A US bond default is very unlikely, even if the debt ceiling fight persists. The real effect is a temporary fiscal hit that should reverse when the limit is raised.

    • The US Treasury is now using extraordinary measures to pay the country's bills and service its debt, as in previous years.
    • The US Treasury is now using extraordinary measures to pay the country's bills and service its debt, as in previous years. PHOTO: AFP
    Published Fri, Jan 27, 2023 · 12:00 PM

    OVER the past decade, writing about the debt ceiling has become a rite of passage, for both sell-side analysts and the financial press. Endless ink has been spilled speculating whether this is finally the one time when the debt ceiling is not raised. And sure enough, it’s that time of year again.

    Here we go again

    Treasury Secretary Janet Yellen has told Congress that Jan 19 was the date on which the US officially reached the debt limit. The Treasury is now using extraordinary measures to pay the country’s bills and service its debt, as it has done several times in the past decade. 

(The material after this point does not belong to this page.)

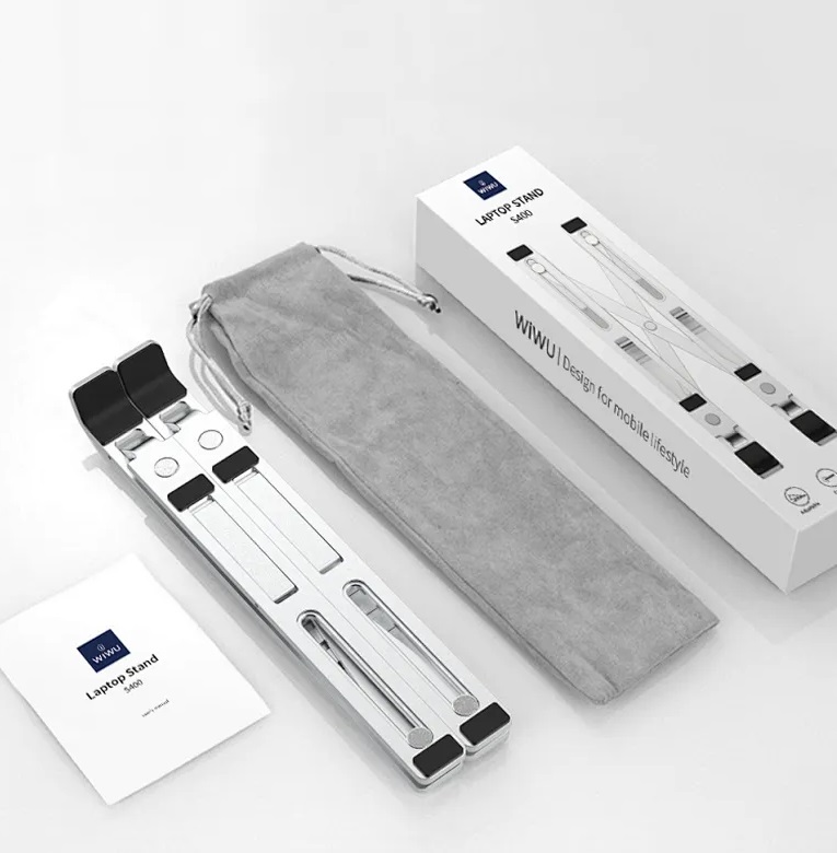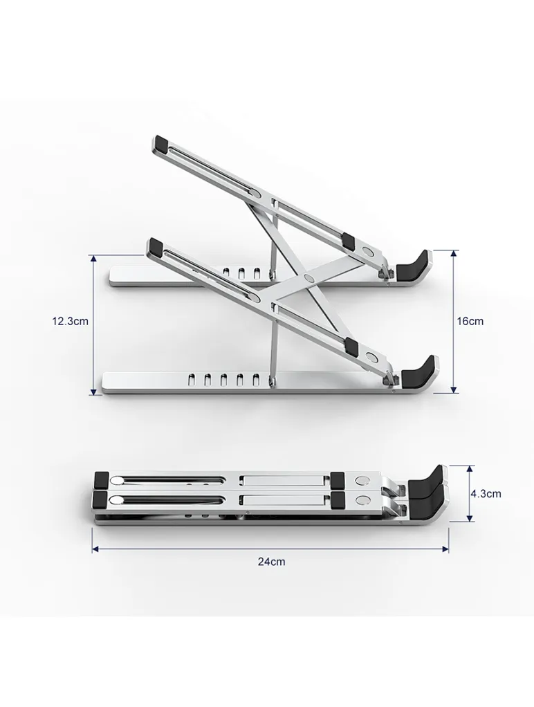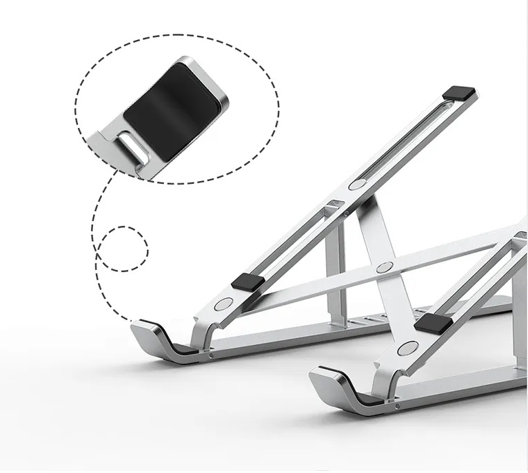 - Ventilación y refrigeración: Material de aluminio como disipador de calor. El diseño abierto en la parte inferior de los soportes para computadora portátil mejora el flujo de aire para evitar que su computadora portátil se sobrecaliente.
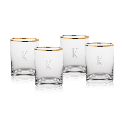 What better way to show off at a dinner party than to bring these beauties out. This gold-rimmed glass set is sure to have all your guests mesmerized with its luxurious style. This set is hand-blown clear glass with a frosted personalization on the front. The gold-rimming around the glass is what makes this personalized glass set stand out.

    “But wait!” we can hear some clients say. Surely this time the risks are higher? After all, for the first time in over 150 years, the House needed 15 ballots to decide the Speaker election. Republican House members, especially the ones who refused to vote for Speaker Kevin McCarthy for 14 long rounds, have demanded that any increase in the debt limit be paired with spending cuts – a condition that the Biden administration has so far refused point-blank. Doesn’t this kind of political dysfunction make it more difficult to raise the debt limit this time around?